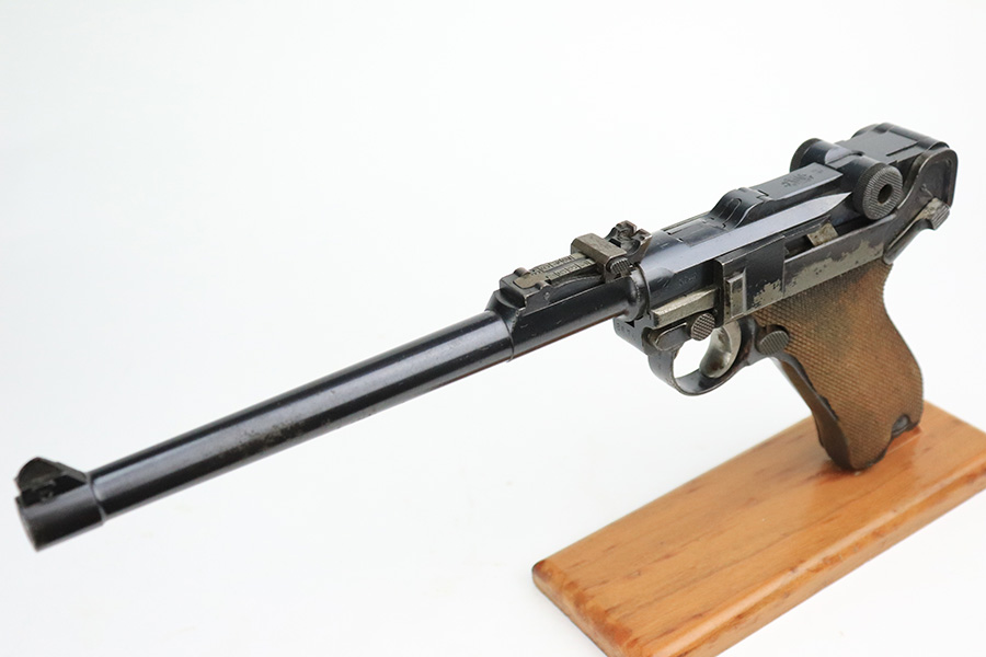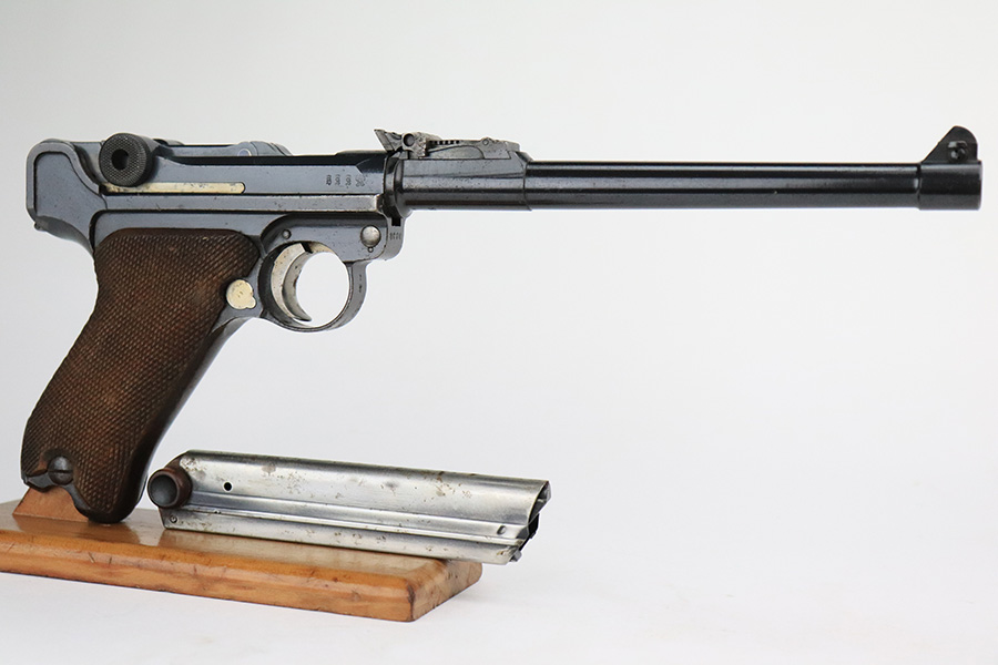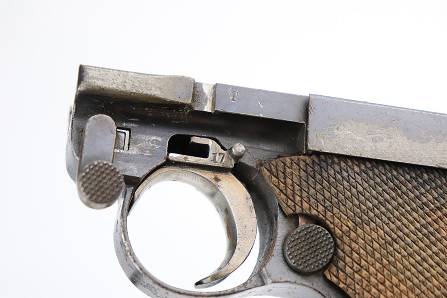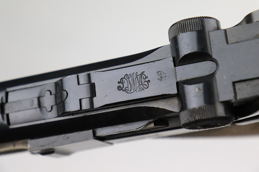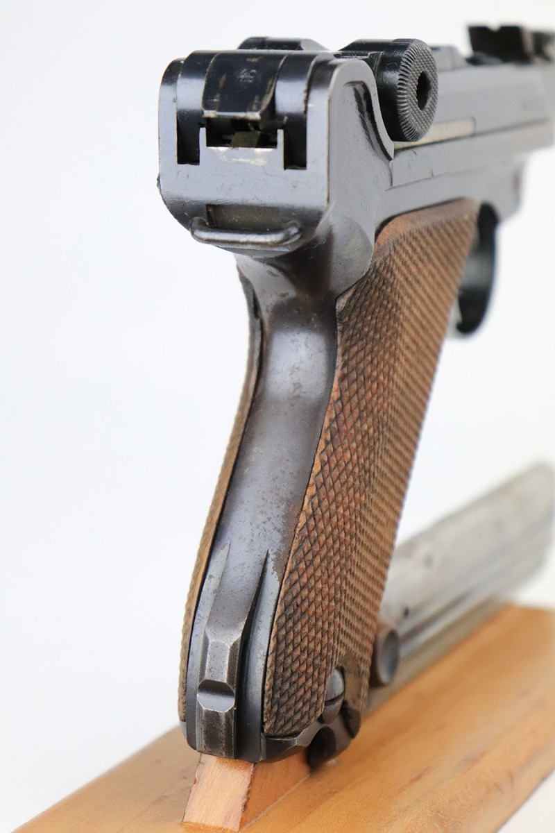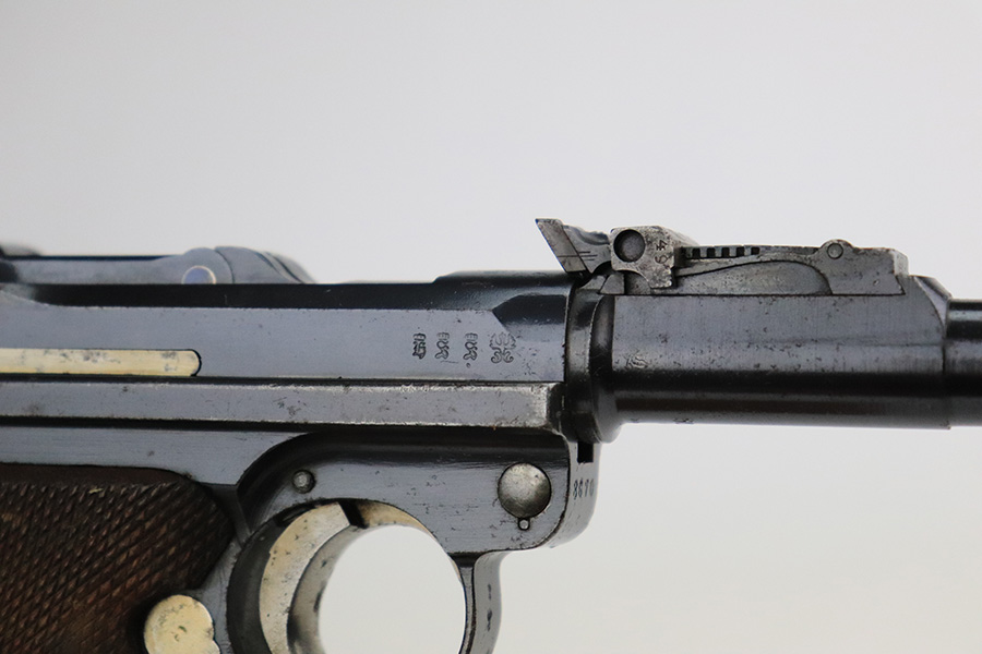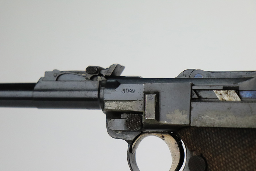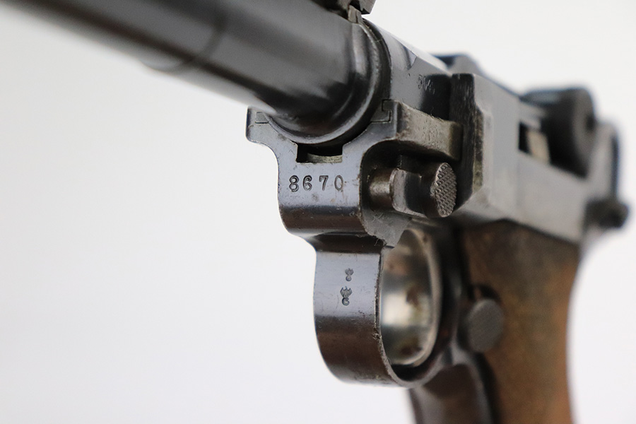 7/22/22 – This is a nice Artillery Luger that was put together from a 1916 DWM Artillery Luger upper and a 1920’s era Simson frame. The gun is almost entirely mismatched, has Imperial military proofs on the upper, and has Simson “Eagle 6” proofs on the frame. It has retained roughly 75% of its bluing. Most of the finish loss is on the left side of the frame and side plate, where the wear is spotty and there is some pitting as well. Minor pitting along the barrel. Thinning on the front strap and spotty oxidation on both grip straps. Comes with wood grips – the left panel is worn and mildly chipped along the edge. Also comes with an un-numbered wood-bottom magazine. The bore is excellent with great rifling. This gun would make a fantastic shooter.
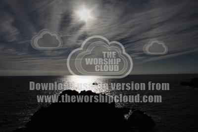 A view out to sea from the Cornish coastline, looking into the sun
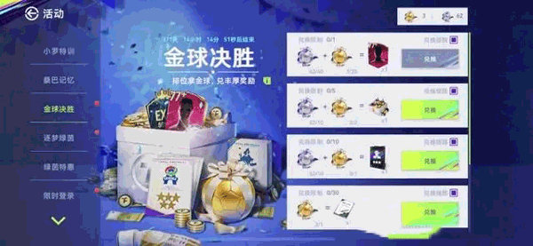 银球可以通过生涯赛获得,银球不限制获取数量,金球可以通过天梯比赛获得,金球每日上限15个。活动中40个银球+20个进球可以兑换77+的红卡球员

Exercise brief:
"A view out to" marks the first line to be returned; return exactly that line and every line after it through the last line of the listing, omitting pictures.

Task response:
 A view out to sea from the Cornish coastline, looking into the sun
 银球可以通过生涯赛获得,银球不限制获取数量,金球可以通过天梯比赛获得,金球每日上限15个。活动中40个银球+20个进球可以兑换77+的红卡球员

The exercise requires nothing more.